The largest blast took place a few hundred yards from the secretariat, the building housing the offices of the state's chief minister. Television footage showed firefighters spraying streams of water at charred, twisted cars and motorcycles.
"I was shopping near the secretariat when I heard three to four loud explosions. Windowpanes in the shops shattered and we fell to the ground as the building started shaking," said H.K. Dutt, who was lightly wounded by shrapnel.
"I stood up and saw fire and smoke billowing out, then I looked down and saw blood on my shirt," Dutt said.
N.I. Hussain, Gauhati's deputy inspector general of police, told the CNN-IBN news channel that police in the state were on high alert and searching for more unexploded bombs. "There may be more blasts. You never know," he said.
Later, dozens of people angry over the blasts took to the streets of the state capital, stoning vehicles and torching at least two fire engines.
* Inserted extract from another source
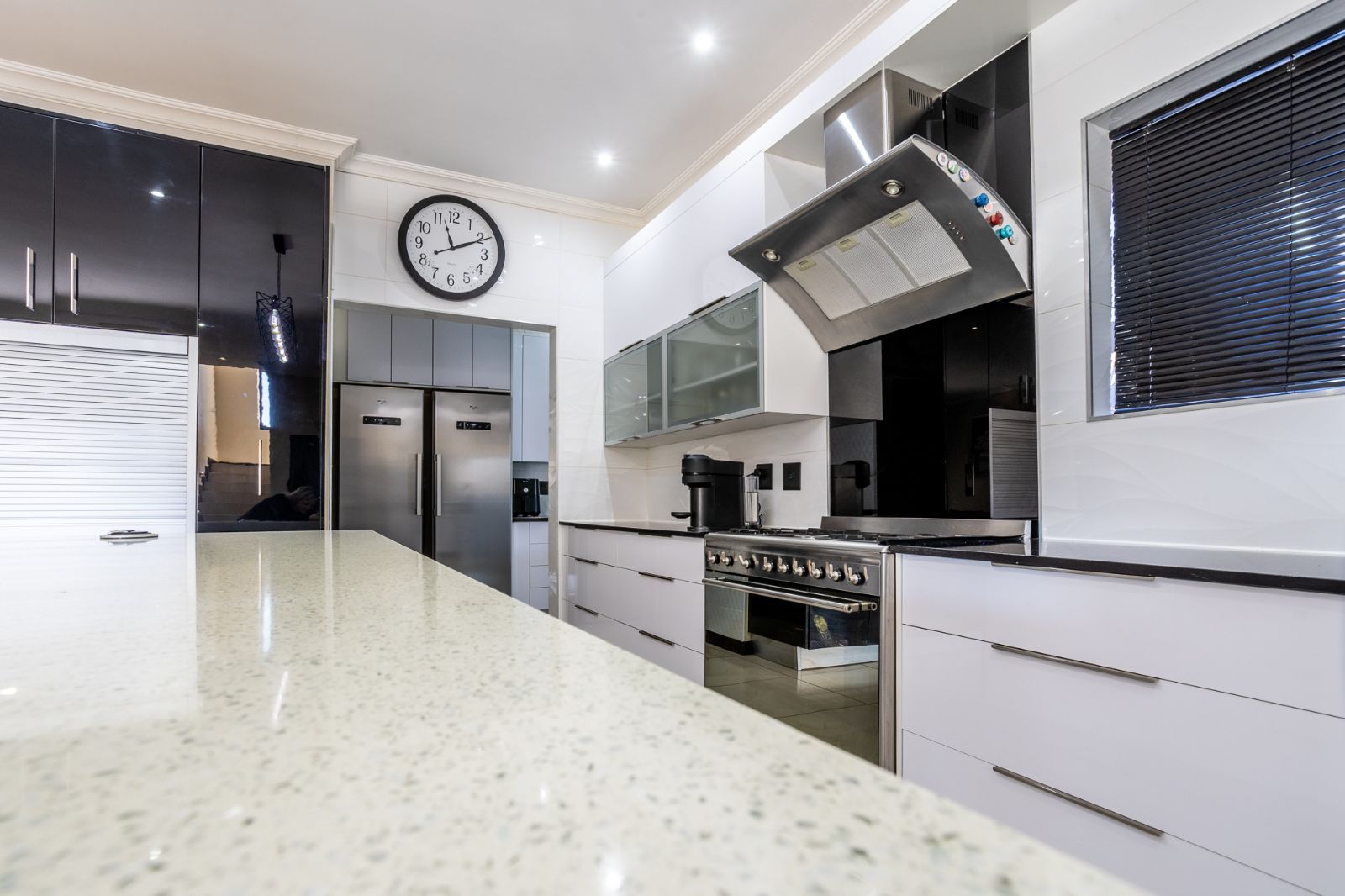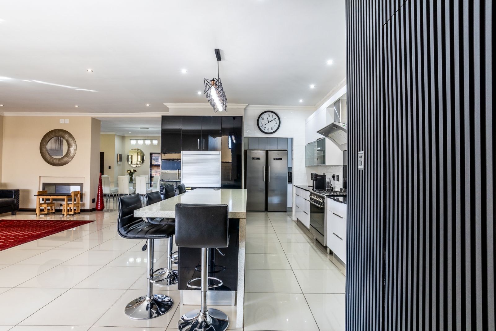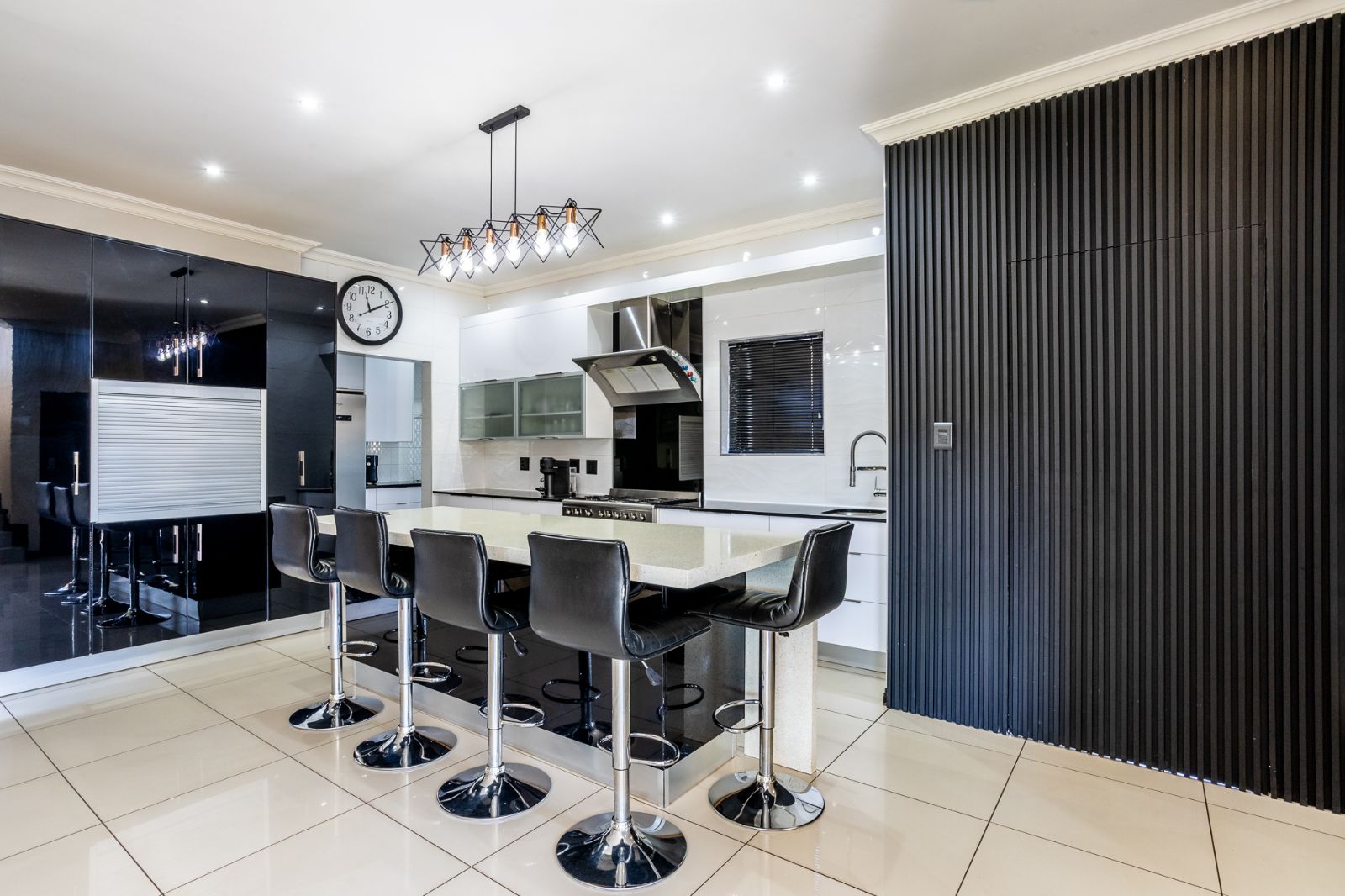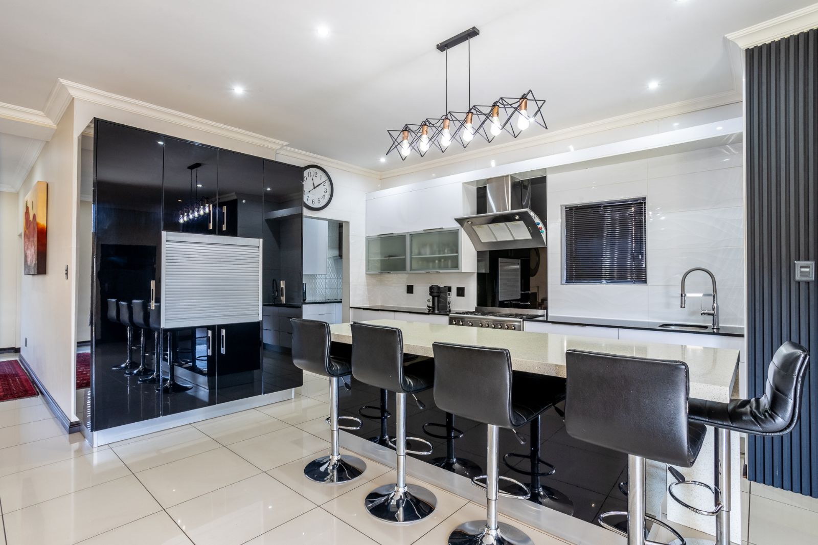 The home opens into a warm and inviting lounge/TV room, featuring a beautiful built-in fireplace – perfect for cosy evenings with family or entertaining guests. The open-plan dining area connects effortlessly to the modern front kitchen, complete with a stylish coffee station cleverly concealed behind a pull-down aluminium door. A fully-equipped chef’s kitchen at the back, along with a separate scullery and laundry, ensures a streamlined cooking and living experience.
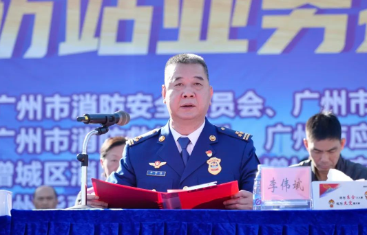 广州市消防安全委员会副主任李伟斌,广州市增城区委副书记、区长林怡辉,广州市应急管理局党委委员、副局长李晓炜,广州市总工会党组成员、副主席尹宏亮,广州市消防救援支队副支队长罗志勇、黄绍伟,广州市增城区常务副区长韩涛,广州华商学院副校长吕峻闽等出席本次活动。

Police imposed a curfew on the city and shut down roads leading in and out of the area.
Dozens of militant separatist groups are active in India's northeast, an isolated region wedged between Bangladesh, Bhutan, China and Myanmar with only a thin corridor connecting it to the rest of India.
The separatists accuse the central government in New Delhi, 1,000 miles to the west, of exploiting the region's natural resources while doing little for the indigenous people - most of whom are ethnically closer to Burma and China than to the rest of India.
More than 10,000 people have died in separatist violence over the past decade in the region.
The area also has been hit recently by ethnic clashes. At least 49 people were killed in July in violence between members of the native Bodo tribe and recent migrants to the area, most of whom are Muslims.
The government has blamed several previous serial attacks in India on Islamic militants from nearby Bangladesh.